登录查看更多内容

How to choose hyperparameters for a model with GridSearchCV.

Boris Kushnarev

Business Analyst at Optus | Data Analytics Consultant at The Data School | Neo4j Certified Professional | Tableau Data Analyst Certification | Alteryx Advanced Certified | [email protected]

发布日期: 2019年2月4日

It has been always a challenge to find hyperparameters which are just right for your model. Using different method, for instance, regression or decision trees requires to choose a degree of a polynomial for the former method and maximum depth, minimum number of samples to split and minimum number of samples per leaf for the later.

Hyperparameters define the complexity of the model. If the model is too simple it tends to generalize our data too much and we call it underfitting. On the other hand, complex models try to memorize the answers which would perfectly work on the training data and will lose the accuracy on the testing data and it is called overfitting.

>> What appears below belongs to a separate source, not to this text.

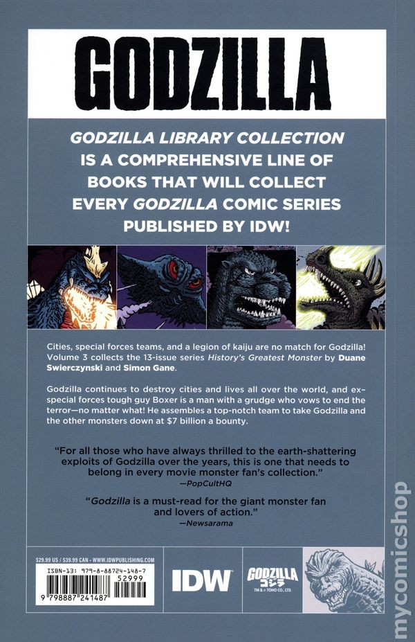 Menu Categories Featured Comics New Comics Comic Book Value Packs Key Comics & First Appearances Pre-Code Horror Comics Good Girl Art Comics Promotional Comics Comics Pre-1940 Comics 1940s Comics 1950s Comics 1960s Comics 1970s Comics 1980s Comics 1990s Comics 2000s Comics 2010-Curent Other Comics Graphic Novels, Books Fanzines Vintage Paperbacks Pulps and Digests Men's Adventure Non-comic Magazines Godzilla TPB Library Collection #3-1ST NM 2024 Stock Image Grade NM Year 2024 Publisher IDW Publishing Description Volume 3 - 1st printing. Collects Godzilla (2012 IDW) Ongoing #1-13. Written by Duane Swierczynski. Art by Simon Gane and Dave Wachter. Cover by Dave Wachter. Cities, special forces teams, and a legion of kaiju are no match for... Godzilla! The Godzilla Library Collection is a comprehensive line of books that will collect every comic series by IDW! Volume 3 collects the 13-issue series History's Greatest Monster by Duane Swierczynski and Simon Gane. Godzilla continues to destroy cities and lives all over the world, and ex-special forces tough guy Boxer is a man with a grudge who vows to end the terror-no matter what! He assembles a top-notch team to take Godzilla and the other monsters down at $7 billion a bounty. Softcover, 328 pages, full color. Stock images The images shown in this listing are stock images provided to help you identify the item, but do not show the specific item being offered, nor do they represent the grade and condition of the item being offered. Grading & Packing We take pride in our accurate, consistent grading. You can be confident in receiving a well-graded comic when ordering from us. We understand that condition is important to collectors. We pack your comics with professional care and high-quality packaging to insure your purchase reaches you safely. About Us We opened our first comic retail store in 1977 and operated a chain of eight comic book stores in the 80s, 90s, and 2000s before going online-only. We are the world's largest comic book seller and the biggest and most trusted comic seller on eBay with over 3.6 million comics sold. We Buy & Consign We buy tens of thousands of comics every month from collections large and small, old and new. We also accept consignments and will get your comics listed on eBay for you. Check out our website for more info. Copyright © 2025 MyComicShop & Lone Star Comics. All rights reserved.

You can rely on your intuition and it would probably be OK when you are playing with one hyperparameter. However, if you have two or more parameters to adjust, the possible combination of them dramatically increases making it hard to choose just the right combination for your model.

To determine the optimal hyperparameters of your model the Grid Search method can be used. It is a straightforward method where you go through all the possible combination for each hyperparameter wtih other parameter combinations. Of course, to go over all possible combinations might take forever, but with SciKit Learn you will make your life a lot easier.

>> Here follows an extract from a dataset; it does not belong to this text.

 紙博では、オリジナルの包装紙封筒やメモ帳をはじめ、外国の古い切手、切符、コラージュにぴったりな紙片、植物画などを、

For our example we will use the Decision Tree classifier trained and then test it on the well-known Titanic Survival dataset. Let's start with loading the dataset on Jupyter Notebook and displaying some of its rows.

import numpy as np
import pandas as pd
from IPython.display import display 
%matplotlib inline

# Set a random seed
import random
random.seed(42)

# Load the dataset
full_data = pd.read_csv('titanic_data.csv')

# Print the first few entries of the RMS Titanic data
full_data.head()

The output is

The features which are found in this table are:

Survived: Outcome of survival (0 = No; 1 = Yes)
Pclass: Socio-economic class (1 = Upper class; 2 = Middle class; 3 = Lower class)
Name: Name of passenger
Sex: Sex of the passenger
Age: Age of the passenger (Some entries contain NaN)
SibSp: Number of siblings and spouses of the passenger aboard
Parch: Number of parents and children of the passenger aboard
Ticket: Ticket number of the passenger
Fare: Fare paid by the passenger
Cabin Cabin number of the passenger (Some entries contain NaN)
Embarked: Port of embarkation of the passenger (C = Cherbourg; Q = Queenstown; S = Southampton

Because we want to predict if a passenger or a crew member either survived or not, we will move Survived variable to a separate data series outcomes and remove it from the initial data frame. We also assume that the Name variable does not carry any information which we can use for prediction and it will be also dropped.

# Store the 'Survived' feature in a new variable

outcomes = full_data['Survived']
# Remove Survived' and 'Name' from the dataset
features_raw = full_data.drop(['Survived', 'Name'], axis = 1)
# Show the new dataset with 'Survived' removed
display(features_raw.head())

For the preprocessing of our data, we will one-hot encode the categorical features using .get_dummies method. We will also substitute NaN with 0.0:

features = pd.get_dummies(features_raw)
display(features.head()) 
features = features.fillna(0.0)

Now we will split our data into training and testing sets.

from sklearn.model_selection import train_test_split 
X_train, X_test, y_train, y_test = train_test_split(features, 
                                   outcomes, test_size=0.2, random_state=42)

We will train our model on the training set with the default hyperparameters: max_depth=None, min_samples_split=2, min_samples_leaf=1, then with the arbitrary chosen parameters and finally with parameters obtained from the GridSearchCV.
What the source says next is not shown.